The code is structured in two folders, one for our approach and another for running Anomal-E using our own approach as well.
To run the code, you will need to create two separate virtual environments, as the libraries needed to run each part of the code are incompatible.
The libraries needed to run each part of the experiment are included in the requirement files and can easily be installed. For the Machine Learning libraries, please ensure you download the libraries that match your CUDA version.
The original dataset, datasets file and model weights have been uploaded in a FigShare repository. They can be accessed with this link: https://doi.org/10.6084/m9.figshare.30643508
These are our hyperparameter search grids.
| Hyperparameter | Hyperparameter Values |
|---|---|
| No. Layers | [1, 2] |
| No.

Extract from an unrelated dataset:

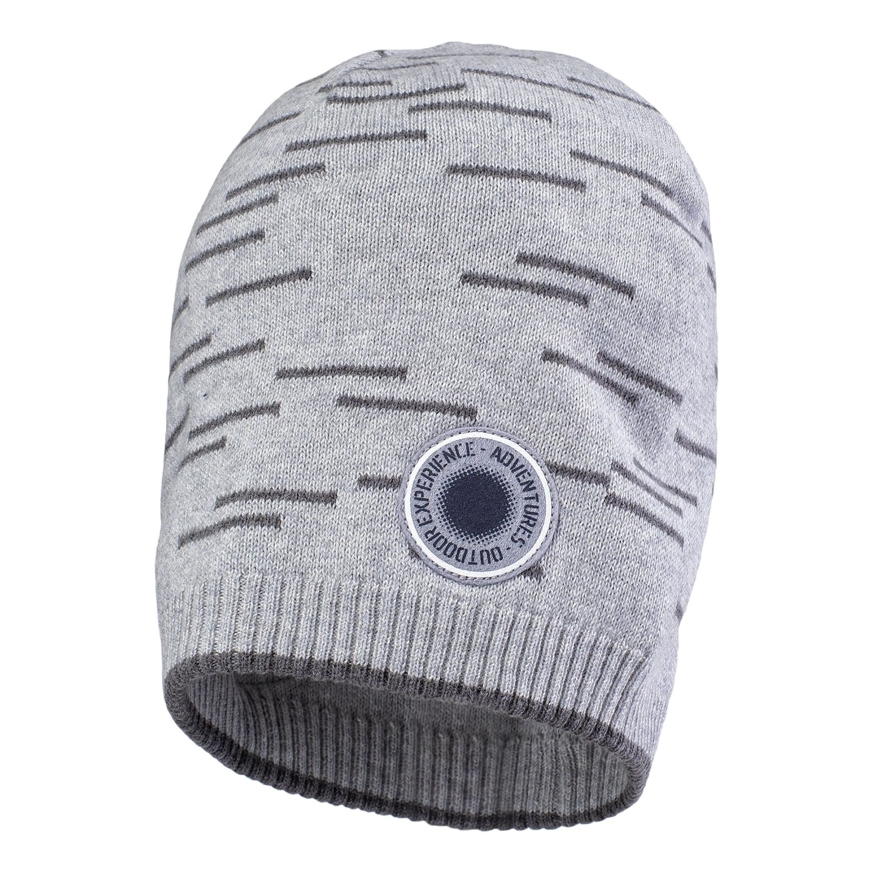 Світло-сіра шапка для хлопчика 7-8 років. Виробництво Естонія. Склад - 100% бавовна. Прикрашена темними смужками, написом.

Hidden | 32 |
| Learning Rate | 1e-3 |
| Activation Function | ReLU |
| Loss Function for Structural Loss | Binary Cross Entropy |
| Loss Function for Feature Loss | [Mean Square Error, Cosine Embedding Loss] |
| Optimiser | AdamW |
| Weight Decay | 1e-5 |
| KL Annealing | [Yes, No] |
| KL Annealing Epochs | 10 |
| KL Min Weight | 0.0 |
| Regulariser | [Yes, No] |
| Multiple Draw | [Yes, No] |
| Maximum Epochs | 100 |
| Early Stop Patience | 20 |
| Feature Importance | 1.0 |
| Structural Importance | 1.0 |
| Hyperparameter | Hyperparameter Values |
|---|---|
| PCA no. components | [0.96, 0.98, 0.99] |
| PCA Weighted | True |
| PCA Whiten | [True, False] |
| PCA Standardisation | True |
| HBOS Bins | [5, 6, 8, 10, 12, 14, 16, 18, 20] |
| HBOS Alpha | [0.05, 0.1] |
| HBOS Tol | [0.1, 0.5] |
| Contamination (Anomal-E) | [0.02, 0.035, 0.05, 0.1, 0.2] |
| Alpha (AutoGraphAD) | [0.1, 0.5, 1.0] |
| Beta (AutoGraphAD) | [0.1, 0.5, 1.0] |
| Gamma (AutoGraphAD) | [0.1, 0.5, 1.0] |
| MSE use (AutoGraphAD) | [True, False] |
| Percentile (AutoGraphAD) | [95, 97, 98, 99] |
| Estimator | Contamination Level | Hyperparameters |
|---|---|---|
| PCA | No Contamination | Contamination: 0.02, Number of Components: 0.96, Whiten: False |
| PCA | 3.5% Contamination | Contamination: 0.05, Number of Components: 0.98, Whiten: False |
| PCA | 5.7% Contamination | Contamination: 0.1, Number of Components: 0.98, Whiten: False |
| CBLOF | No Contamination | Contamination: 0.02, Alpha: 0.9, Beta: 5, Number of Clusters: 36, Use Weights: True |
| CBLOF | 3.5% Contamination | Contamination: 0.05, Alpha: 0.9, Beta: 5, Number of Clusters: 40, Use Weights: True |
| CBLOF | 5.7% Contamination | Contamination: 0.1, Alpha: 0.9, Beta: 5, Number of Clusters: 50, Use Weights: False |
| HBOS | No Contamination | Contamination: 0.02, Alpha: 0.05, Beta: 5, Number of Bins: 14, Tol: 0.1 |
| HBOS | 3.5% Contamination | Contamination: 0.05, Alpha: 0.1, Beta: 5, Number of Bins: 5, Tol: 0.1 |
| HBOS | 5.7% Contamination | Contamination: 0.1, Alpha: 0.1, Beta: 5, Number of Bins: 12, Tol: 0.1 |
| Model Variant | Contamination | Model Hyperparameters |
|---|---|---|
| VGAE Regulariser | 0% | 20% Negative Sampling, Edge Dropping, Node Masking with Annealing, 1 Layer |
| VGAE Regulariser | 3.5% | 40% Negative Sampling, Edge Dropping, Node Masking with Annealing, 2 Layers |
| VGAE Multiple Draw | 5.7% | 20% Negative Sampling, Edge Dropping, Node Masking with Annealing, 1 Layer, 10 Draws |
| Contamination | Anomaly Score Hyperparameters |
|---|---|
| 0% Contamination | Alpha: 0.1, Beta: 0.5, Gamma: 0.1, MSE: True, Percentile: 95 |
| 3.5% Contamination | Alpha: 1.0, Beta: 0.1, Gamma: 1.0, MSE: False, Percentile: 95 |
| 5.7% Contamination | Alpha: 0.5, Beta: 0.1, Gamma: 0.5, MSE: True, Percentile: 95 |
Training models is done through the file training_script.py. Inside the file, you can declare your model and configure it:
- Configure model architecture (e.g. Embedding Size, Number of Layers etc.)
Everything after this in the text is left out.